* PROBLEM TO WORK ON
Print the data that follows word for word, leaving out any picture.

* SUPPLIED DATA

════

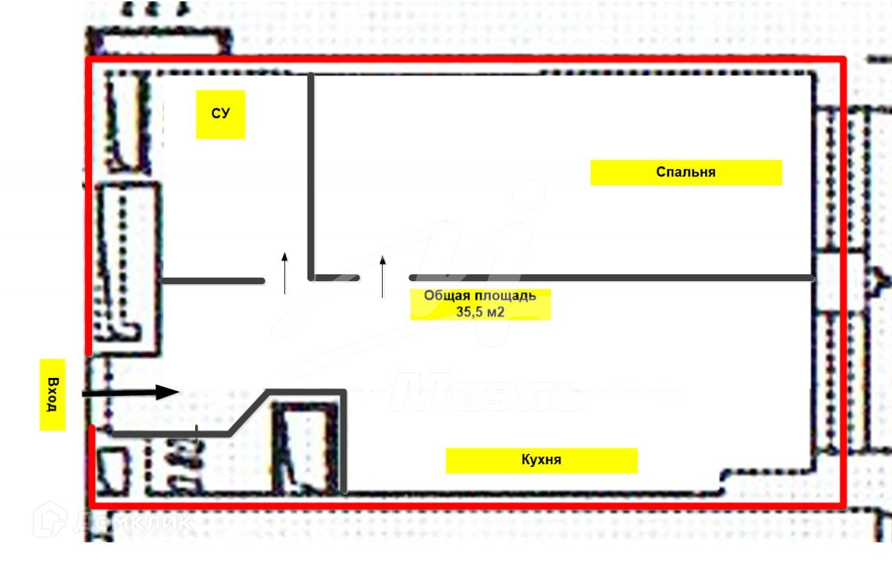 Общая площадь 35.6 м2
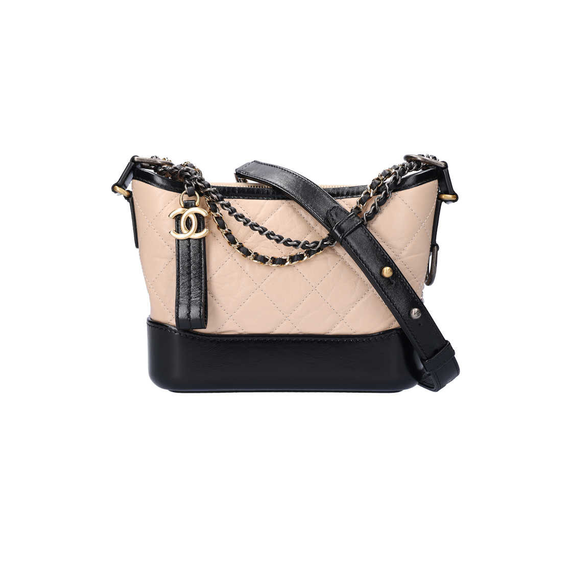 샤넬 가브리엘 스몰 호보백 빈티지 카프스킨 & 골드 메탈 베이지 블랙
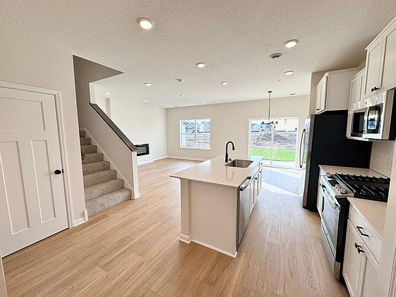 Take a look at this beautiful 3bd/2.5 bath townhome nearing completion in St. Michael. The open main floor starts at the spacious foyer, which leads into the galley style kitchen with pantry closet, slide-in gas range, upgraded dishwasher, tile backsplash, and quartz countertops. The family room includes modern electric fireplace. You'll find a spacious owner's suite on the second floor with large private en-suite bath and walk-in closet. Adjacent loft is a great secondary living space along with two additional bedrooms finish off the second floor.
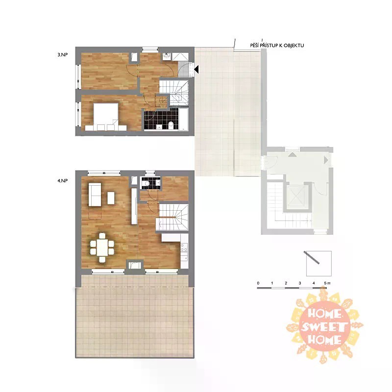 Nabízíme k pronájmu prostorný mezonetový byt o dispozici 3+kk a užitné ploše 84,8 m², nacházející se v novostavbě z roku 2014 v klidné ulici Stará Cesta v Braníku. Byt se rozprostírá ve třetím a čtvrtém patře budovy. V nižším podlaží jsou dvě samostatné ložnice, koupelna vybavená vanou a WC. V horním patře se nachází prostorný obývací pokoj propojený s moderní kuchyňskou linkou. Díky francouzským oknům je v této části bytu dostatek přirozeného světla a přímo z obývacího pokoje je vstup na jižně orientovanou terasu s výhledem na Branickou skálu. Terasa je dostatečně velká pro posezení s rodinou či přáteli. V tomto podlaží je dále samostatné WC a oddělený úložný prostor, který lze využít například jako spíž či šatní komoru. Součástí bytu je sklepní kóje. Lokalita bytu je mimořádně klidná, avšak zároveň velmi dobře dostupná. Ulice Stará Cesta plynule přechází v lesní stezku vedoucí k lesoparku na Branické skále, kde se otevírají krásné výhledy na Prokopské údolí, Barrandovské skály, Petřínskou rozhlednu či Hradčany s Pražským hradem. Okolí nabízí mnoho možností pro procházky, cyklistiku i in-line bruslení. V blízkosti se nachází kompletní občanská vybavenost včetně škol, školek, dětských hřišť a sportovních center. Milovníci golfu mohou navštívit nedaleký Golfový klub Hodkovičky. Pro zdravotní péči je k dispozici poliklinika s lékárnou, několik stomatologů a veterinárních ordinací. Dopravní spojení do centra Prahy je spolehlivé a rychlé. V docházkové vzdálenosti jsou zastávky tramvají čísel 2, 3, 17, 21 a 92, dále zde jezdí autobusy ********* a 501. Díky tomu se dostanete na Vyšehrad za několik minut, na Národní divadlo přibližně za deset minut, na Karlův most za patnáct minut a na Pražský hrad za zhruba dvacet minut. Cesta na Letiště Václava Havla trvá veřejnou dopravou přibližně padesát minut. K dispozici od: 1. 12. Nájemné: 37 800 Kč Poplatky: 4 700 Kč měsíčně, plyn a elektřina se převádí na nájemce. Jistota: 2 měsíční nájmy Garážové stání: 1 815 Kč měsíčně V případě zájmu o prohlídku nebo bližší informace neváhejte kontaktovat makléře. Byt je nabízen ve stavu bez vybavení.
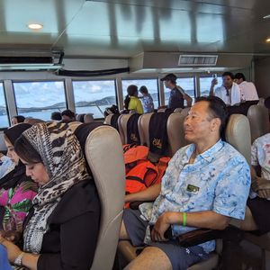 港に到着すると島の税金を徴収される。外で長い説明があり、乗船。シルバー席は2階で、右2列,中央5列,左2列の席であった。ちなみにゴールド席は3階である。飲み物とクッキーの配布があった。出発間際に、シルバー席以外の客が空いているシルバー席に座席変更する。商売のためには致し方ない。ほとんどがインド人系とおぼしき団体。その人たちが特に騒がしかった。携帯もビデオ通話、大きな声で他人さまはおかまえ無。途中でみんなデッキに行ったので多少静かになった。昔で言う社員旅行的ノリ。帰りも同じ。
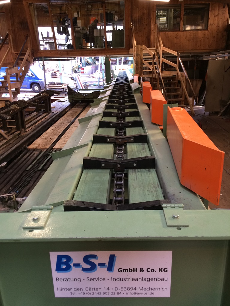 Zur Fa. HIT in Torgau lieferte B-S-I einen Stufenschieber als Erweiterung einer Rundholzaufgabe an einer bestehenden Rundholzsortieranlage.
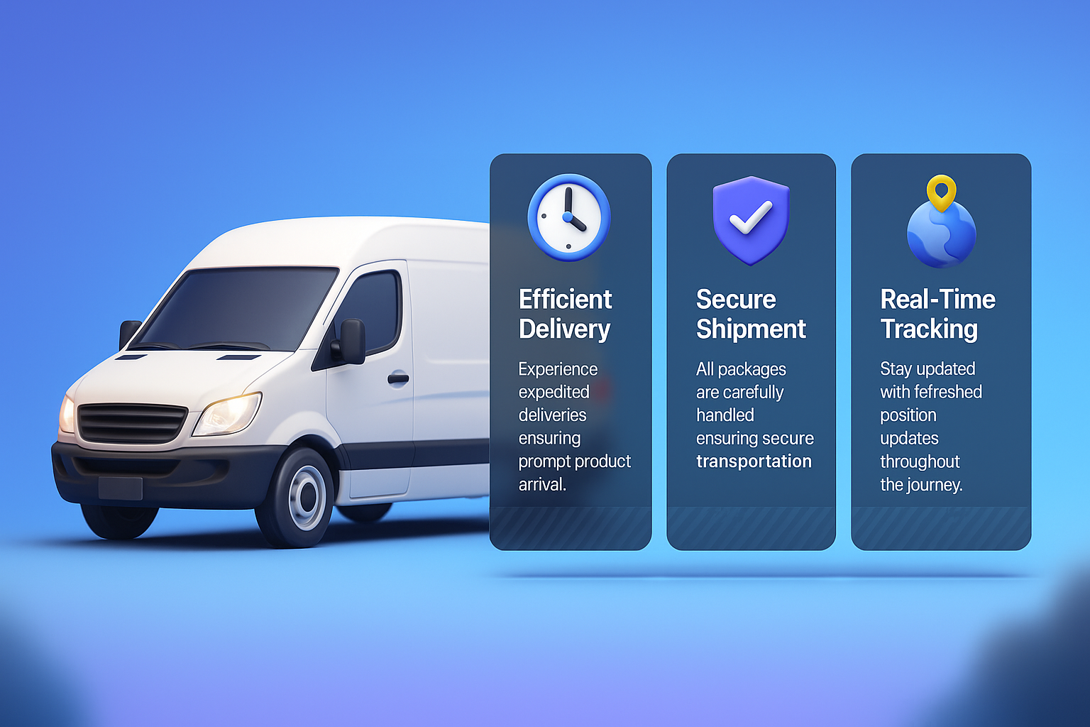 /Collection: /by davooda/Type: PNG/A sleek white delivery van is set against a smooth gradient background. Three feature blocks highlight efficient delivery, secure shipment, and real-time tracking.
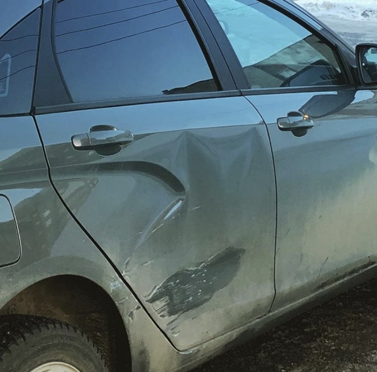 Недавно муж въехал легонько в Ладу, у нас на бампере краска треснула и все, у Лады - вот что
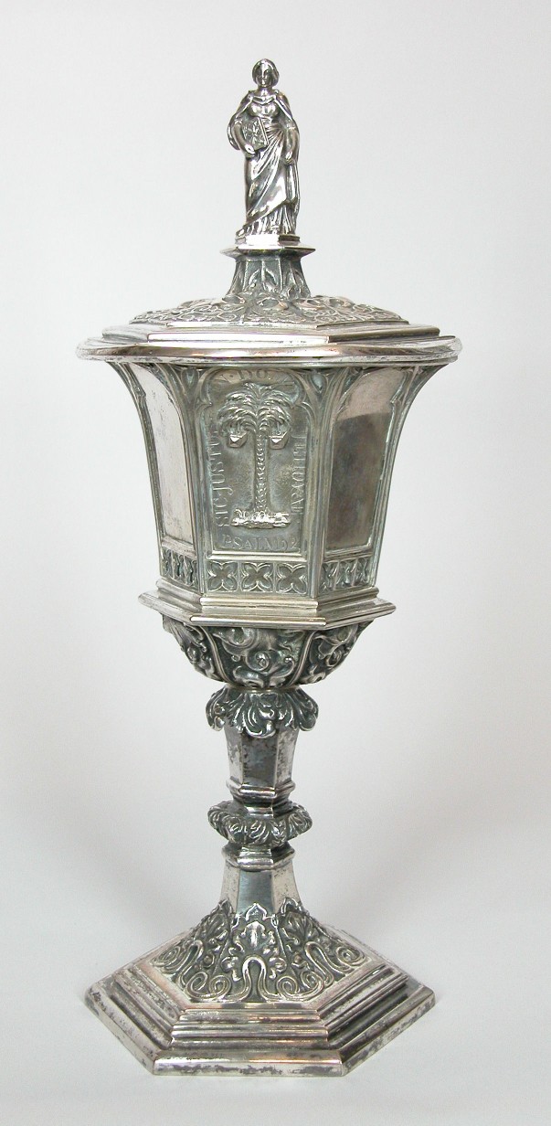 Avondmaalsbeker met deksel, afkomstig uit de gemeente Hanau (D.), met afbeelding van palmboom
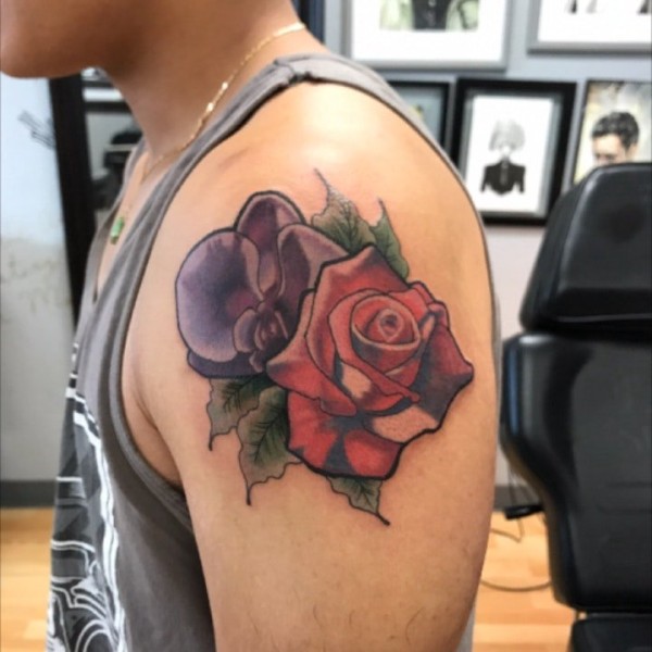 欧美玫瑰纹身 男生手臂上花朵纹身图片

════

* YOUR SOLUTION
 Общая площадь 35.6 м2
 샤넬 가브리엘 스몰 호보백 빈티지 카프스킨 & 골드 메탈 베이지 블랙
 Take a look at this beautiful 3bd/2.5 bath townhome nearing completion in St. Michael. The open main floor starts at the spacious foyer, which leads into the galley style kitchen with pantry closet, slide-in gas range, upgraded dishwasher, tile backsplash, and quartz countertops. The family room includes modern electric fireplace. You'll find a spacious owner's suite on the second floor with large private en-suite bath and walk-in closet. Adjacent loft is a great secondary living space along with two additional bedrooms finish off the second floor.
 Nabízíme k pronájmu prostorný mezonetový byt o dispozici 3+kk a užitné ploše 84,8 m², nacházející se v novostavbě z roku 2014 v klidné ulici Stará Cesta v Braníku. Byt se rozprostírá ve třetím a čtvrtém patře budovy. V nižším podlaží jsou dvě samostatné ložnice, koupelna vybavená vanou a WC. V horním patře se nachází prostorný obývací pokoj propojený s moderní kuchyňskou linkou. Díky francouzským oknům je v této části bytu dostatek přirozeného světla a přímo z obývacího pokoje je vstup na jižně orientovanou terasu s výhledem na Branickou skálu. Terasa je dostatečně velká pro posezení s rodinou či přáteli. V tomto podlaží je dále samostatné WC a oddělený úložný prostor, který lze využít například jako spíž či šatní komoru. Součástí bytu je sklepní kóje. Lokalita bytu je mimořádně klidná, avšak zároveň velmi dobře dostupná. Ulice Stará Cesta plynule přechází v lesní stezku vedoucí k lesoparku na Branické skále, kde se otevírají krásné výhledy na Prokopské údolí, Barrandovské skály, Petřínskou rozhlednu či Hradčany s Pražským hradem. Okolí nabízí mnoho možností pro procházky, cyklistiku i in-line bruslení. V blízkosti se nachází kompletní občanská vybavenost včetně škol, školek, dětských hřišť a sportovních center. Milovníci golfu mohou navštívit nedaleký Golfový klub Hodkovičky. Pro zdravotní péči je k dispozici poliklinika s lékárnou, několik stomatologů a veterinárních ordinací. Dopravní spojení do centra Prahy je spolehlivé a rychlé. V docházkové vzdálenosti jsou zastávky tramvají čísel 2, 3, 17, 21 a 92, dále zde jezdí autobusy ********* a 501. Díky tomu se dostanete na Vyšehrad za několik minut, na Národní divadlo přibližně za deset minut, na Karlův most za patnáct minut a na Pražský hrad za zhruba dvacet minut. Cesta na Letiště Václava Havla trvá veřejnou dopravou přibližně padesát minut. K dispozici od: 1. 12. Nájemné: 37 800 Kč Poplatky: 4 700 Kč měsíčně, plyn a elektřina se převádí na nájemce. Jistota: 2 měsíční nájmy Garážové stání: 1 815 Kč měsíčně V případě zájmu o prohlídku nebo bližší informace neváhejte kontaktovat makléře. Byt je nabízen ve stavu bez vybavení.
 港に到着すると島の税金を徴収される。外で長い説明があり、乗船。シルバー席は2階で、右2列,中央5列,左2列の席であった。ちなみにゴールド席は3階である。飲み物とクッキーの配布があった。出発間際に、シルバー席以外の客が空いているシルバー席に座席変更する。商売のためには致し方ない。ほとんどがインド人系とおぼしき団体。その人たちが特に騒がしかった。携帯もビデオ通話、大きな声で他人さまはおかまえ無。途中でみんなデッキに行ったので多少静かになった。昔で言う社員旅行的ノリ。帰りも同じ。
 Zur Fa. HIT in Torgau lieferte B-S-I einen Stufenschieber als Erweiterung einer Rundholzaufgabe an einer bestehenden Rundholzsortieranlage.
 /Collection: /by davooda/Type: PNG/A sleek white delivery van is set against a smooth gradient background. Three feature blocks highlight efficient delivery, secure shipment, and real-time tracking.
 Недавно муж въехал легонько в Ладу, у нас на бампере краска треснула и все, у Лады - вот что
 Avondmaalsbeker met deksel, afkomstig uit de gemeente Hanau (D.), met afbeelding van palmboom
 欧美玫瑰纹身 男生手臂上花朵纹身图片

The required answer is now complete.